Today's Page Hits: 3412

Locations of visitors to this page
« High entry barriers... | Main | Announcing Specifica... »
Friday, 05 Jan 2007
ODF is designed for the future, not the past.
Michael Brauer

Bob Sutor commented IBM's "no" vote for the ECMA Office Open XML file format a month ago in his blog as follows: "ODF is about the future, Open XML is about the past. We voted for the future." (see here for the full blog entry).

This comment reminded me of a similar statement I made myself a couple a times in the past: "ODF is designed for the future, not the past.".

What do I mean by this? This can be best explained by going back to the year 1999. At this time, OpenOffice.org was not yet existing, but I already worked on "StarOffice", that, as you know, was open-sourced in 2000 as "OpenOffice.org", and is still available as Sun's OpenOffice.org offering. StarOffice at this time had a binary file format like any other office suite, but we decided to create a new file format. Why? Because we wanted to make StarOffice, and later on OpenOffice.org, more interoperable, and we felt that just documenting the binary format would not be sufficient.

One design decision for the new format could be made fast. It should be based on XML. XML was new in 1999, but it was clear that it would emerge fast. But how to continue? How do you create a new office XML file format?

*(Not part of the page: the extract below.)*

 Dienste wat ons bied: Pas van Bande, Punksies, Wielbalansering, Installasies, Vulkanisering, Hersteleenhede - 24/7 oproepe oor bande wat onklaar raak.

One option we had was to take StarOffice's binary formats as basis. The binary formats from the technical perspective worked well, so we could have just mapped the records and binary fields of these formats into XML. Microsoft seems to have designed Office Open XML this way 7 years later, so wouldn't this have been a good idea? Well, it would have been easy to implement and it would have improved interoperability compared to the situation we had with the binary formats. But the binary formats were close to the StarOffice implementation. The impact this would have had on the new file format can be seen in Office Open XML: It for instance contains implementation specific data structures, has different schemas for text documents, spreadsheets and presentations, and even uses different measurement units in the different application types. In WordProcessingML, tab stop positions are specified in twip (section 2.3.1.37 of Office Open XML Part 4 - Markup Language Reference), but in DrawingML they are specified in EMU (section 5.1.5.2.12).

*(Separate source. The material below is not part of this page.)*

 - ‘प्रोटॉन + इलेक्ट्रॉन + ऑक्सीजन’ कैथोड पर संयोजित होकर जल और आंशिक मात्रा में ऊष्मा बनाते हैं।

By using StarOffice's binary formats as basis for our new XML file format, we actually would have gotten similar issues. And actually, it didn't take us long to come to the conclusion that we could achieve our interoperability goal much better if we ignore our binary formats and internal data structures, and instead, create a really new file format, based on existing standards. That means, we didn't just polish up our past (the binary formats), but made a hard break and analyzed what 's needed for office documents in the future. The file format we created was the OpenOffice.org XML file format, that evolved to the OASIS OpenDocument file format (ODF), and is now also ISO/IEC 26300.

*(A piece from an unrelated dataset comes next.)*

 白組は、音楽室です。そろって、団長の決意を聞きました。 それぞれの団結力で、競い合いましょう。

What are the benefits of this decision for users? Let's assume we would have taken the binary formats and internal data structures as basis, as it seems to be the case for Office Open XML. Everyone who wants to work with our office documents on the file level then would have to deal with OpenOffice.org's internal data structures. Everyone would have to deal with the multiple implementations and therefore file formats we have for some objects for legacy reasons. In short, our users would have to deal with our, the implementors, legacy or past. And not just a single time, but over and over again.

By designing a new file format, we had some more work, but solved these legacy issues ourselves a single time. We did not load this burden onto our users. They can concentrate on designing their solutions, for their future, instead of dealing with our past.

And what are the consequences of our decision for us, the OpenOffice.org developers? We initially had some more work. But because ODF abstracts from OpenOffice.org's internal models we now can change these models without having to care about the file format. We can, for instance, replace implementations or merge implementations where we still have multiple ones due to legacy reasons. In short, keeping the OpenOffice.org code up to date has become much easier. Obviously, not only we ourselves benefit from this, but the OpenOffice.org users, too.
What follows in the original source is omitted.